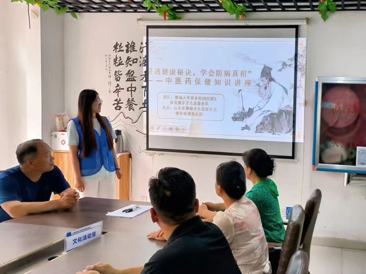 为弘扬中医药传统文化,提升居民对中医药知识的认知与应用能力,8月26日,无码影片 药撷芬芳志愿服务队于聊城市东昌府区湖西社区举办“讲透健康秘诀,学会防病真招”社区实践活动。
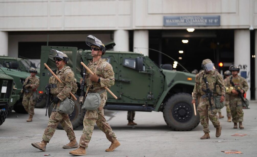 Los Ángeles (8 junio 2025).- Han comenzado a llegar a Los Ángeles efectivos de la Guardia Nacional enviados por orden del presidente Donald Trump en respuesta a los enfrentamientos de los últimos días entre las autoridades federales de inmigración y manifestantes que buscan bloquear las deportaciones.
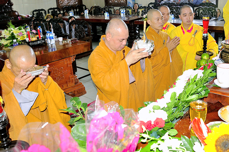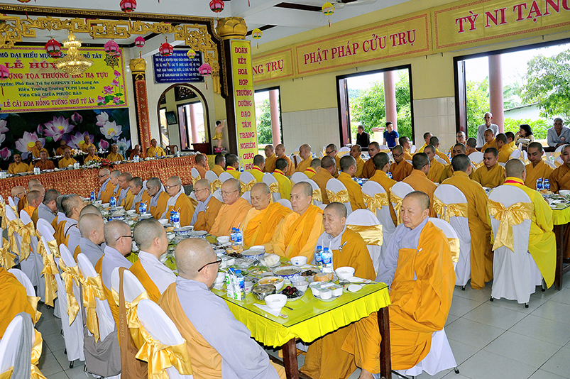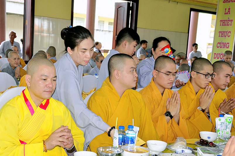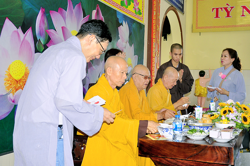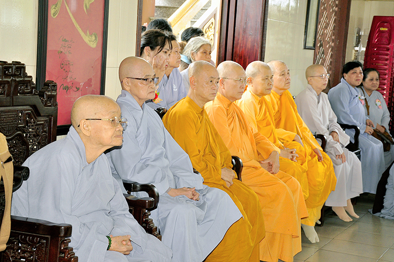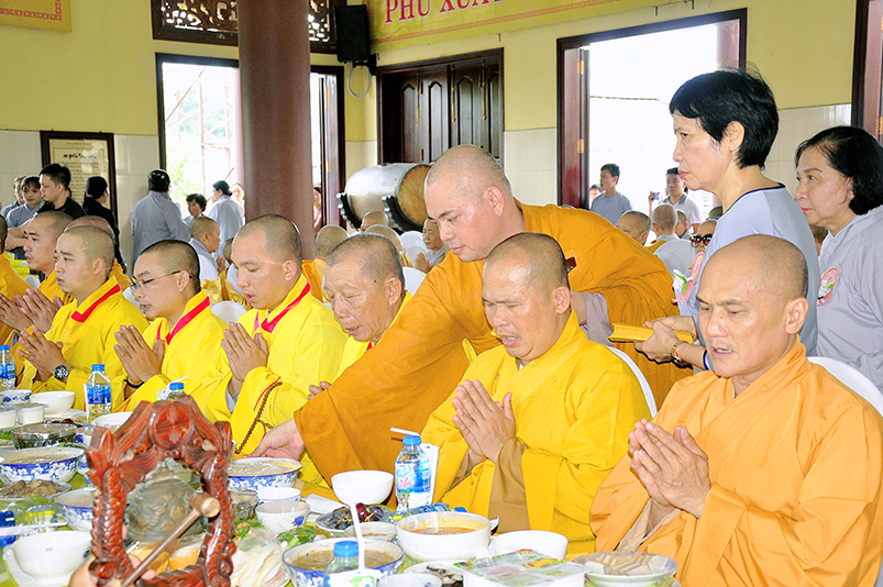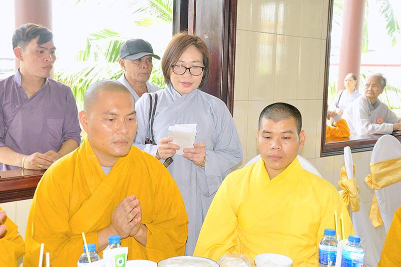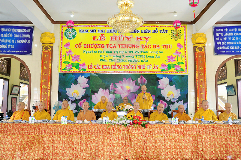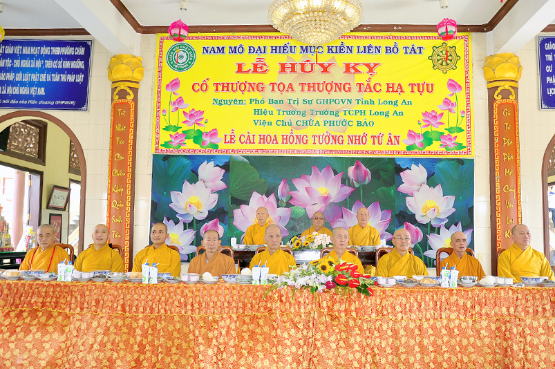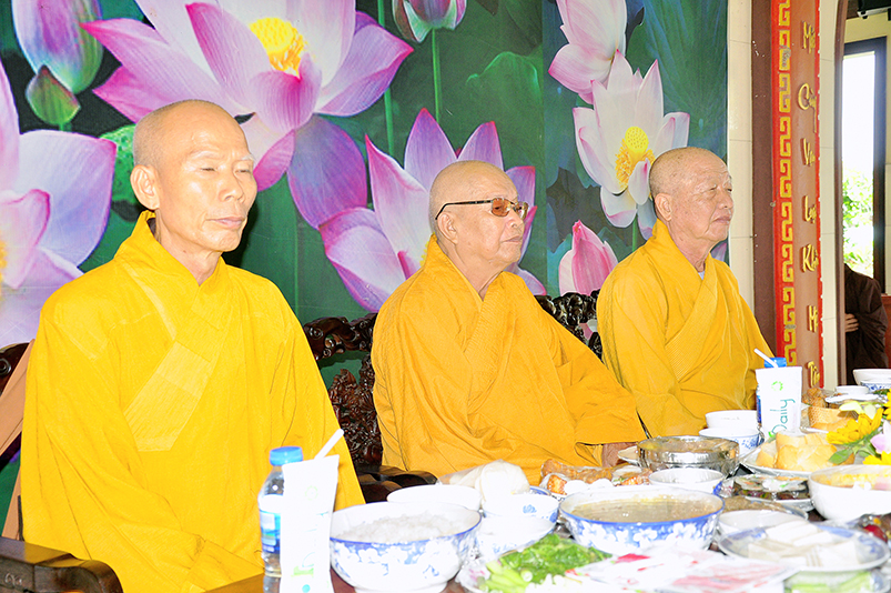 Tiếp đó, Pháp quyến cung thỉnh chư Tôn đức Thường trực Ban Trị sự GHPGVN tỉnh Long An: HT. Thích Huệ Hồng, HT. Thích Thiện Tài, Đại đức Thích Lệ Duyên v.v., chư Tôn đức Thường trực Ban Trị sự GHPGVN huyện Bến Lức, chư Tôn đức Tông phái Thiên Thai Giáo Quán tông: HT. Thích Tắc Lãnh, HT. Thích Tắc Phi, HT. Thích Lãng Huỳnh v.v. đồng thân lâm chứng dự trai đường.

● Task prompt: Please write every line above out exactly as given, except for any pictures.

● Exercise output:
 为弘扬中医药传统文化,提升居民对中医药知识的认知与应用能力,8月26日,无码影片 药撷芬芳志愿服务队于聊城市东昌府区湖西社区举办“讲透健康秘诀,学会防病真招”社区实践活动。
 Los Ángeles (8 junio 2025).- Han comenzado a llegar a Los Ángeles efectivos de la Guardia Nacional enviados por orden del presidente Donald Trump en respuesta a los enfrentamientos de los últimos días entre las autoridades federales de inmigración y manifestantes que buscan bloquear las deportaciones.
 Tiếp đó, Pháp quyến cung thỉnh chư Tôn đức Thường trực Ban Trị sự GHPGVN tỉnh Long An: HT. Thích Huệ Hồng, HT. Thích Thiện Tài, Đại đức Thích Lệ Duyên v.v., chư Tôn đức Thường trực Ban Trị sự GHPGVN huyện Bến Lức, chư Tôn đức Tông phái Thiên Thai Giáo Quán tông: HT. Thích Tắc Lãnh, HT. Thích Tắc Phi, HT. Thích Lãng Huỳnh v.v. đồng thân lâm chứng dự trai đường.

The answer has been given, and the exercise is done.